自由学園を創立した羽仁夫妻は福沢諭吉に大きな影響を受け、吉一先生はその著書の中でたびたび「福沢先生」の言行にふれ、生涯を通じ学問の独立を守り、在野の精神を貫いた生き方を尊敬を込めて紹介し、生徒と共に『福翁自伝』や『学問のすすめ』を読んでいます。また生徒に対して、「ミセス羽仁は女福沢だよ」とも語っています。

先日大阪訪問の際、堂島川沿いの「福澤諭吉生誕の地」に足を運びました。

誕生の記念碑と共に「天ハ人ノ上ニ人ヲ造ラズ人ノ下ニ人ヲ造ラズ」の碑がありました。 

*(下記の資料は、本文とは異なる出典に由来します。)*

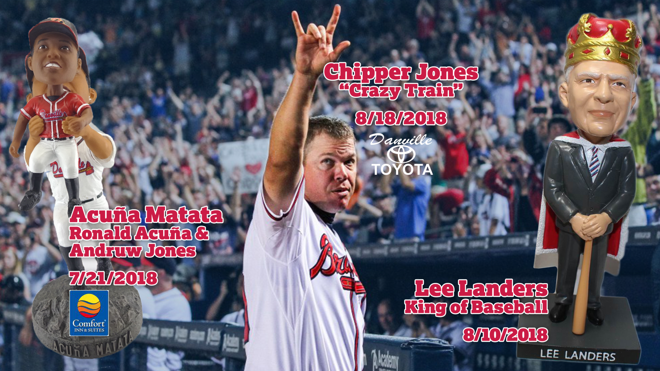 The Danville Braves' bobblehead promotions conclude with a Chipper Jones "Crazy Train" bobblehead presented by Danville Toyota on August 18. The first 500 fans through the gates will receive a bobblehead of the Atlanta Braves legend who will be inducted into the Baseball Hall of Fame this July. The special bobblehead plays Ozzy Osbourne's "Crazy Train," which was Jones' trademark walkup song during his career in Atlanta.

1834年、福沢諭吉はこの地にあった中津藩の蔵屋敷で、下級武士の家に生まれたとのこと。近代日本の形成に大きな影響を与えた福沢諭吉を想い、感銘深いひとときでした。

驚くべきことに福沢諭吉は江戸時代に3度にわたり欧米諸国に渡航し世界を体感しています。この時代には稀なその海外経験で得た広い知見を踏まえて、その後、日本の行く道を見通し、封建的日本社会を変革するための啓蒙活動を展開します。

福澤諭吉の問題意識は日本という国家の独立でしたが、その発展のためにはまず一人ひとりが自立した人間になり、自らの考えと責任において行動することが必要と考えました。福沢諭吉は「独立自尊」という言葉でこれを示し、国家に対しては自ら在野で独立の姿勢を貫きました。

『学問のすすめ』では「天は人の上に人を造らず人の下に人を造らず」と人間の平等と共に、「男も人なり、女も人なり」と男女平等も説きました。夫婦の記念写真において男性の夫が座り、女性が立っている構図にも、この平等思想が表れているのかもしれません。

自由学園の教育の特色を表す言葉に「自労自治」がありますが、当初もと子先生が用いていたのは「自労自活」でした。

「めいめいの生の要求と工夫によって築きつつある独立の人格を持つやうに私たちの子供が生い立って行けば、自分の思ふ所、欲する所、能ふ所を云ったりしたりしないでゐられない訳になります。このやうにして仕事をすれば、自労自活の人になるのは必然の結果であります。」(「自労自活の人」1917年)

この「自労自活」という言葉ですが、さかのぼると1900(明治33)年、慶応義塾の塾生に示された『修身要領』にこの言葉が使われています。

その一節に「心身の独立を全うし自ら其身を尊重して人たるの品位を辱めざるもの、之を独立自尊の人と言ふ。自ら労して自ら食ふは人生独立の本源なり。独立自尊の人は自労自活の人たらざる可らず」とあります。

この当時、もと子先生の弟松岡正男は慶應義塾で福沢門下で学び、草創期のラグビー部で活躍。後に、福沢諭吉がおこした時事新報社の社長も務めています。